Cliff, I share your sentiment: it feels good. It didn't start seriously raining in Winthrop (WA) until about 6:00 pm but its been dripping ever since. Per the climate data from the Spokane weather office, we had the driest summer (June 21-Sept 21) on record. Just a measly 0.06-in. For some perspective, the normal is 2.07-in and the data go back to 1906 for the Winthrop station. Indeed, for the 4 month period from June 16 to Oct 16, we only had 0.08-in. Last spring I figured we would revert to the mean after the wet winter but 0.08-in in 4 months seems a little absurd.

dampscribbler said...

I'm not ready. 😕

John said...

Sure,rain for the next few days,but it looks like widespread record, or near record, maximum temps for much of the Western U.S. next week.Could parts of Western Washington experience 70 degree plus weather if a strong offshore flow develops?

cgt said...

Our yard in Bellingham is covered with 1/2'' of cedar slag.
A few plants knocked over when the wind did it's "gust" thing.

Ellen Baker said...

Oh yes - we're getting whacked, and yes that's quite normal. I had 3.6" "in the tube" between my 7:25 am reading and midnight here in Glacier, WA. I wouldn't be surprised at all to see more than 4.5" for twenty four hours (love UW's radar: https://atmos.washington.edu/weather/radar.shtml - thanks for that!)
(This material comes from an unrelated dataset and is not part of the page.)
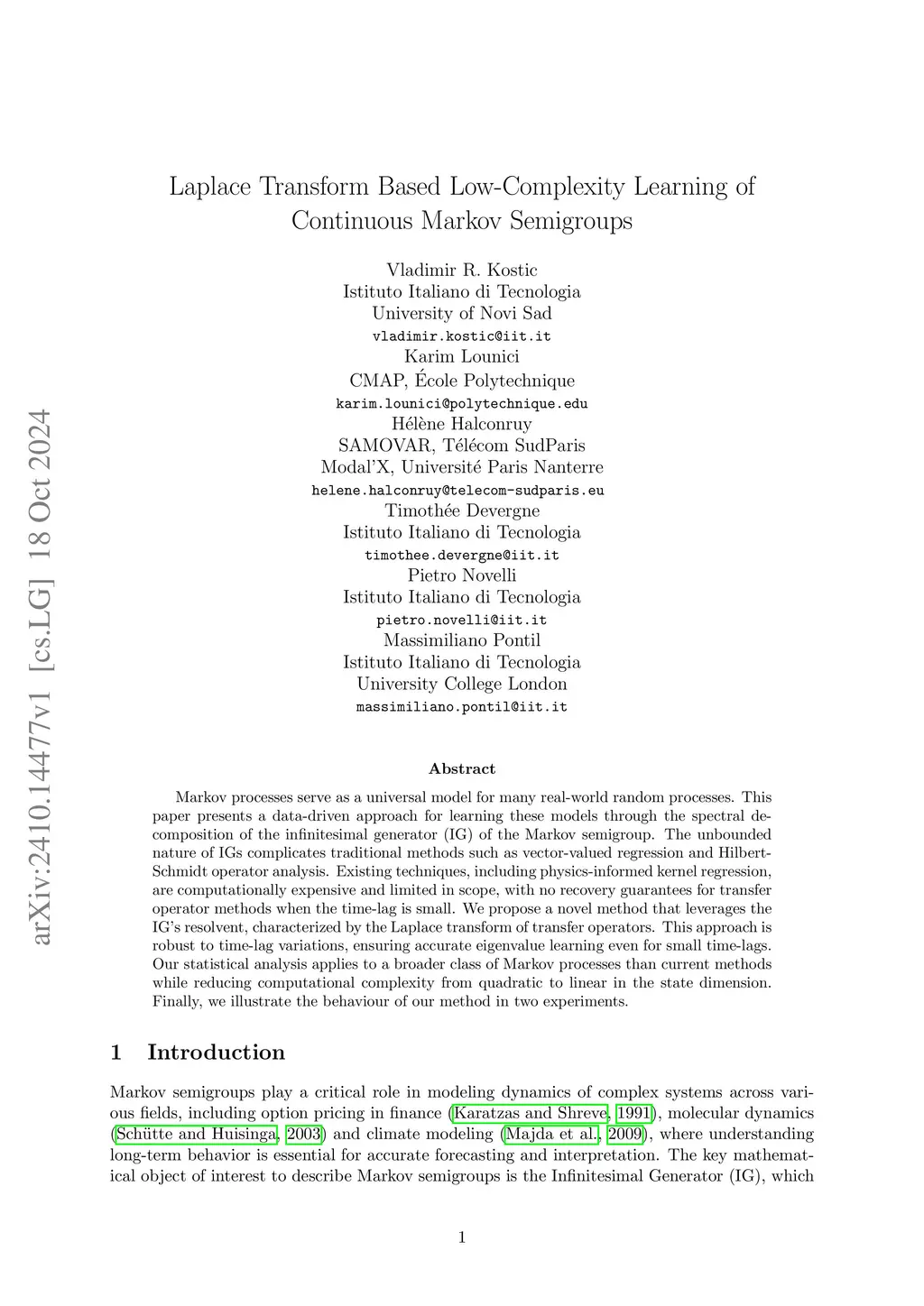 Laplace Transform Based Low-Complexity Learning of Continuous Markov Semigroups

I've seen worse - 5-7" in a day - but we absolutely LOVE fall weather. Mother Nature's pruning, true. Life in the Pacific Northwest is a hoot.

As for the flood warnings for the Nooksack - I'll be surprised if there's much of a blip for a while. Why? There's not a great deal of snow above us yet (some, but nothing like spring snowmelt). Over many years I've come to understand that what drives serious floods is the combination of heavy rain-on-heavy snow + high tides. For all the rain we're getting, that's not the case at this time.

Unknown said...

Come and haunt us forest fire smoke if you dare! The conveyer of water will wallop you clear across the Cascades. You’re such a big sport now huh?? Come and get some why don’t you? Huh?? Big guy?? Coward

Patrick said...

Unknown, don't jinx us. It'll be July again before you know it.

Ansel said...

I've gotten 1.37 inches in north Bothell so far.

John Codling said...

I love it too! Doesn't look like this will result in much snowpack with yo-yo-ing freezing levels but we're heading in the right direction. Next week looks quite a bit different!

joe mama said...

oh, thank goodness our 3 months of nice weather is over. boy, was that a drag. now we can all relax and hide inside under dark, grey, moist skies. oh joy.

BIGWATER said...

White water season has begun! Let the rains fall and the rivers rage! If you dont like the NW winter, please move away. We dont want you here anyways. Haha

Ansel said...

Another inch last night. We've still got the "express" but I think we've lost the pineapples. Brrrr!

JayW said...

The storm produced impressive runoff in the Middle Fork Snoqualmie drainage. Three days ago, the river was running at 400 cubic feet/second. Today it peaked at nearly 6000 CFS!

Cascadian Engineer said...

For those of us with diagnosed summer depression this time of year is paradise.

Eric Blair said...

This is why I moved here in the first place - winters in Chicago are often nasty, brutal and long. Rain? Pfft, bring it on!

Placeholder said...

Nitpick: You meant "Offing," not "Offering" in your headline.